The attacks by the Houthi rebels, a show of support for the Palestinian militant group Hamas fighting Israel in Gaza, target a route that allows East-West trade, especially of oil, that uses the Suez Canal to save the time and expense of circumnavigating Africa.

The Houthis have claimed attacks on ships in the Red Sea that they say are either linked to Israel or heading to Israeli ports. They say their attacks are retaliatory for Israel’s air-and-ground offensive in the Gaza Strip following the terror attack by Hamas in southern Israel on Oct.7.

The United States, United Kingdom, and other countries, including European Union nations, designated Hamas a terrorist group after the Oct. 7 attack in which 1,200 civilians were killed and around 240 others taken hostage.
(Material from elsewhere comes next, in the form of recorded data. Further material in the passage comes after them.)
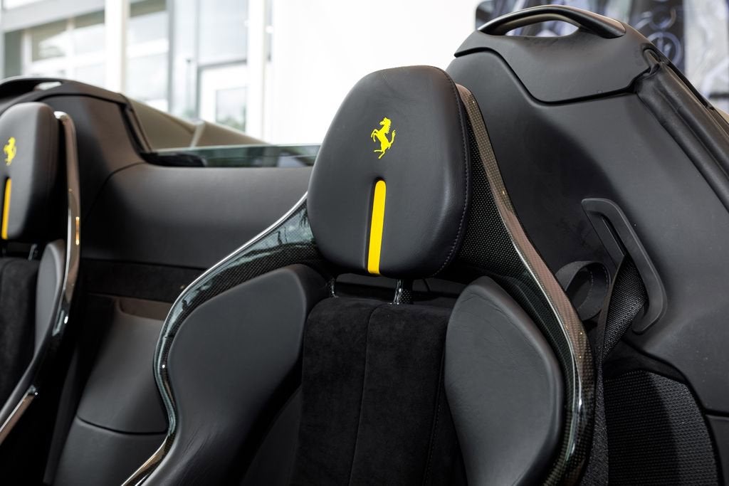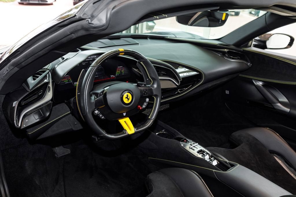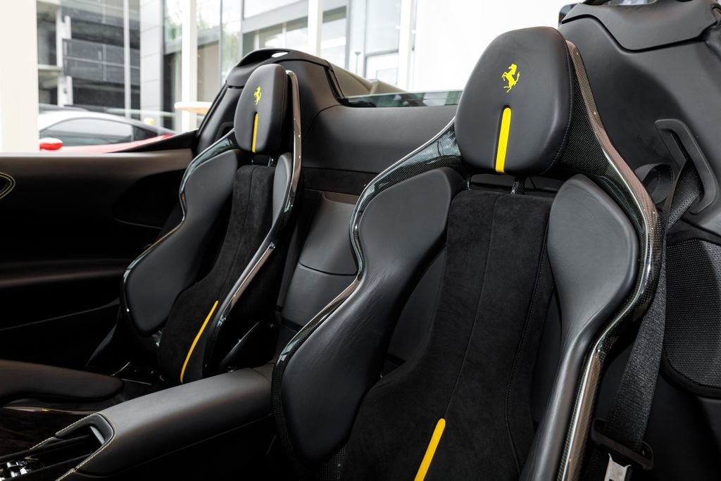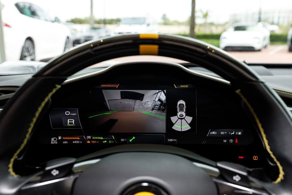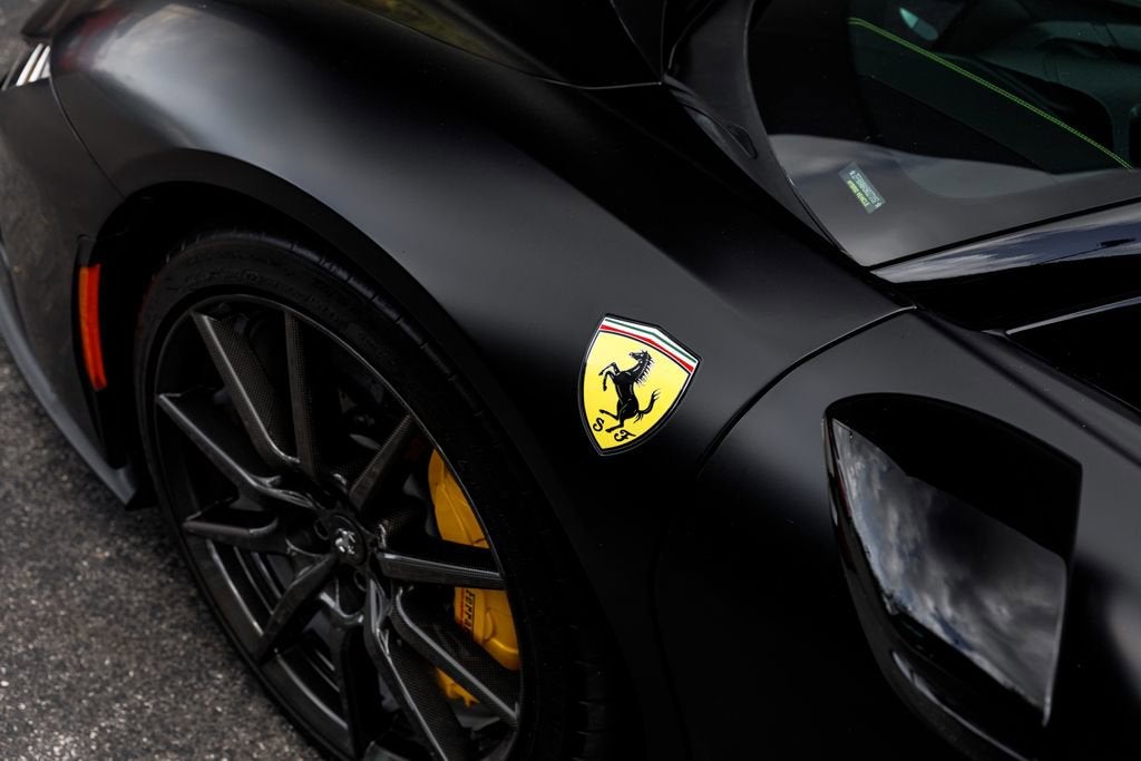 Factory options: Exterior color - Nero Interior color - Nero Carpet color - Nero -Front and rear suspension lift -Giallo Modena brake calipers -Gloss finish carbon fibre lateral engine air intakes -Gloss finish carbon fibre exterior kickplate -Carbon fibre wheel centre cap -Black Ceramic Coated Tailpipes -"Scuderia Ferrari" shields on fenders -Titanium wheel studs -Leather seat piping -Centre part of seat in color-matched Alcantara -Carbon fibre trim driver zone and LED shift indicators on steering wheel -Interior details in special colored trim -Gloss finish carbon fibre dashboard accents -Dream line F1 Paddles - 1 Color -Embroidered Cavallino emblem on headrest -1 Color Livry Up Arch Steering Wheel + Low Trim Painted -Carbon fibre racing seats -Manual ratchet seat height adjustment mechanism -Special stitching in color of customer's choice -Apple CarPlay -Advanced Front Driving Camera -Premium Hi-Fi system For more information or to schedule a test drive, contact us today!
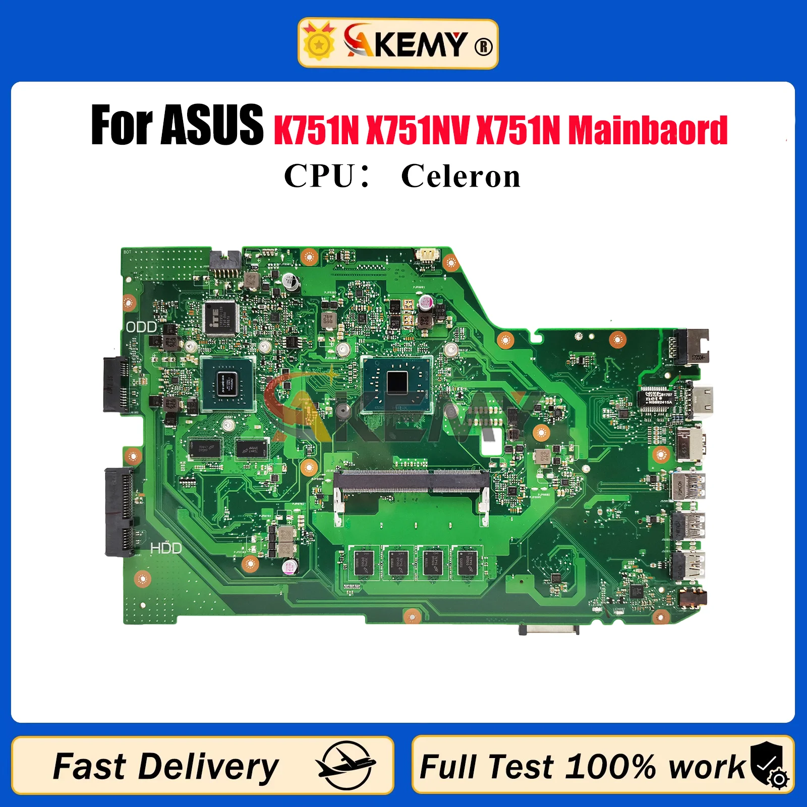 Placa base para ordenador portátil X751NV para ASUS VivoBook X751N K751N X751NV X751NC placa base para ordenador portátil con pruebas de CPU Celeron OK envío rápido
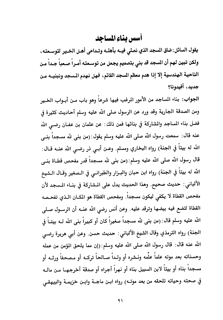مسجداً. ومفحص القطاة هو المكان الذي تفحصه القطاة لتضع فيه بيضها وترقد عليه. وعن أنس رضي الله عنه أن الرسول صلى الله عليه وسلم قال: (من بنى لله مسجداً صغيراً كان أو كبيراً بنى الله له بيتاً في الجنة) رواه الترمذي وقال الشيخ الألباني: حديث حسن. وعن أبي هريرة رضي الله عنه قال: قال رسول الله صلى الله عليه وسلم: (إن مما يلحق المؤمن من عمله وحسناته بعد موته علماً علَّمه ونشره أو ولداً صالحاً تركه أو مصحفاً ورثه أو مسجداً بناه أو بيتاً لابن السبيل بناه أو نهراً أجراه أو صدقة أخرجها من ماله في صحته وحياته تلحقه من بعد موته) رواه ابن ماجة وابن خزيمة والبيهقي
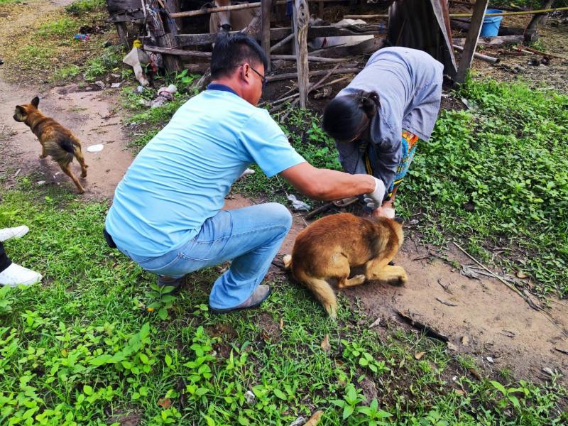 อบต.เด่นราษฎร์ ได้ลงพื้นที่ หมู่ที่ 5 บ้านหนองเหล็ก เพื่อให้บริการการฉีดวัคซีนพิษสุนัขบ้าเพื่อป้องกันโรคพิษสุนัขบ้าให้กับสุนัขและแมว

British Foreign Secretary David Cameron said Sunday he had made clear in a call with Iranian Foreign Minister Hossein Amirabdollahian that Iran shares responsibility in preventing the Houthi attacks in the Red Sea.

"I made clear that Iran shares responsibility for preventing these attacks, given their long-standing support to the Houthis,” he said in a post on X, adding that the incidents "threaten innocent lives and the global economy."

On Saturday, the top commander of U.S. naval forces in the Middle East said Houthi rebels have shown no signs of ending their "reckless" attacks on commercial ships in the Red Sea even as more nations join the international maritime mission to protect vessels in the vital waterway and trade traffic begins to pick up.

Since the Pentagon announced Operation Prosperity Guardian to counter the attacks just over a week ago, 1,200 merchant ships have traveled through the Red Sea region, and none has been hit by drone or missile strikes, Vice Adm. Brad Cooper said in an Associated Press interview.

Some material for this report came from The Associated Press, Agence France-Presse and Reuters.